Question on happiness

Rob Schaap rws at comedu.canberra.edu.au
Fri May 4 00:31:24 PDT 2001


G'day Greg,


>I know the tendency on the intellectual left is to dismiss the conscious
>production of targeted propaganda as an important factor in the US news
>system--but I'm finding myself more and more leaning to the "schemers in a
>locked room" model, that most of this junk is just churned out by PR firms
>and other propagandists and printed almost verbatim. Are journalists really
>THAT stupid as to labor who-knows-how-many hours to produce crap like this
>"poll"?

I agree with the thrust of this, but you needn't abandon the lefty orthodoxy too much, as the material conditions within which journalism is practised are a decisive component of the explanation. Time is short, bulletins must be filled, TV bulletins require sexy footage, scoops can't be passed over just coz verification etc hasn't been done, 'the unexpected' must be 'routinised', journalists are typically very young (they go into PR in middle age to avoid the wear'n'tear occasioned by working in the news factory - to which industry they bring the skills necessary to make 'PR release' ultimately equal 'news item'), and personal relationships tend to form between roundspeople and their sources as a matter of human course.

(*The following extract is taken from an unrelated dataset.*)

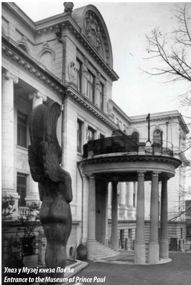
Улаз у Музеј кнеза Павла Entrance to the Museum of Prince Paul

главни архитектонски елемент који спаја фасаде према улицама Краља Милана и Андрићев венац. Поред хералдичких знамења, посебно је значајна композиција која је била постављена на сам завршетак угаоног ризалита, испод куполе, две истоветне, симетрично постављене представе штитова с крстом и четири оцила, то јест део грба Краљевине Србије и касније интегрални сегмент грба Краљевине Југославије. Централни мотив фасадне композиције према Улици Андрићев венац представља лучни ризалит над чијом се атиком налазила монументална декоративна композиција с грбом у средишту.

The PR sector knows all about this, and is geared to exploit it - releasing information, for instance, at selected times and in pre-digested quasi-news-story ways (right down to contending experts to narrow and direct the issue - the release of the Dolly The Sheep thingy was a great example of both - a video, in the shape of a polished news story, with just the right note of concern (rather than open dissent) in-built via a designated expert, was released to news factories just as bulletins were being formulated - as the story was not one in which it would be good come second, the whole thing went to air without internal editing all around the Anglophone world.

The PR is consciously produced for largely private ends (the 'locked room' component), but I suggest the news industry is usually not consciously complicit in the fact so much of this palaver gets to air or onto the page unedited, unchecked, unquestioned, unreflected-uopn and unopposed (the more orthodox unconscious 'sie wissen das nicht, aber sie tun es' bit).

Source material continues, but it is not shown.